Cependant, Findus a également montré certaines limites dans son utilisation des moyens plus modernes de communication. En effet, le pendant de la volonté de transparence de Findus a été le tôlé qu’a subi le groupe sur les médias sociaux. Un en particulier s’est retrouvé dans l’œil du cyclone : le compte Twitter de la marque. Suite à la publication de tweets maladroits, il a finalement été supprimé et Findus a affirmé qu’il s’agissait d’un faux compte. La page Facebook a, elle, été totalement nettoyée, aucune publication de l’année 2013 n’y apparaît mis à part un article montrant la marque comme révélatrice de l’affaire. Cette communication manquant cruellement de subtilité a été largement moquée sur les réseaux sociaux. Findus s’est finalement résolu a faire appel à une entreprise d’e-réputation pour noyer le net sous les informations positives sur la marque, faisant ainsi passer au second plan les articles à charge.

Comparaison avec l’approche de Picard dans la gestion de cette crise alimentaire

Picard, également client de Comigel, est lui aussi touché par la crise. La marque adopte cependant une position radicalement différente de celle de Findus et plus old school de communication rare et choisie. Un communiqué de presse et une interview du président aux « Echos » suffisent à Picard. Le groupe privilégie la communication direct avec ses clients en envoyant deux e-mails à une liste d’environ 500 000 consommateurs ciblés. Ils changent néanmoins leur positionnement face aux « grands médias » lorsque leur président, après deux semaines difficiles en termes de ventes pour le groupe, prend la parole sur RTL.

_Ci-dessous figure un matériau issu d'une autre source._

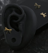 Threadless top piece that has a cut out dragonfly design. Fits all threadless posts. Made from 14kt nickel-free gold with a 316L stainless steel pin. Length is approximately 5mm. Top size: 10mm x 8.2mm. Sold individually (1pc, top only).
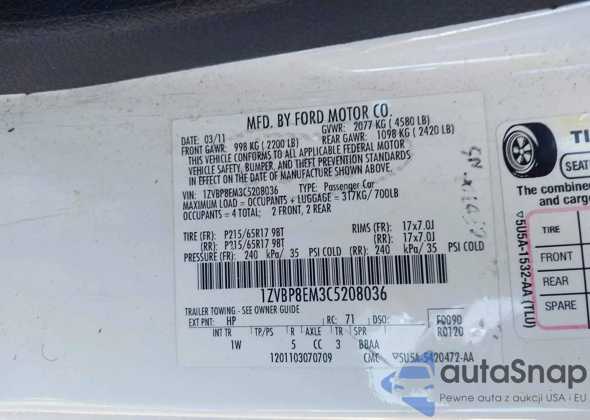 VIN: 1ZVBP8EM3C5208036

Si Findus n’a pas réussi sa communication sur les réseaux sociaux, c’est au niveau de la communication interne que Picard a montré des limites. Le directeur d’un établissement de l’ouest parisien déclare en effet : «Il nous a manqué un message clair de la direction nous indiquant comment répondre aux réactions parfois violentes des clients ». La gestion de la crise chez Picard n’a pas été catastrophique, ses ventes progressaient de 10% en avril, mais le parti pris était différent de celui de Findus : moins communiquer, faire profil bas et conserver le principe de la parole rare.
 
Ainsi, la gestion de la crise européenne du Horsegate par Findus s’est appuyée sur deux principes : la transparence via une abondante communication et la victimisation en déplaçant la responsabilité sur des acteurs en amont de la chaîne de production. Cette stratégie risquée a montré son efficacité dans l’objectif de retrouver la confiance des consommateurs mais s’est heurtée à des erreurs dans l’utilisation des moyens modernes de communication comme les réseaux sociaux.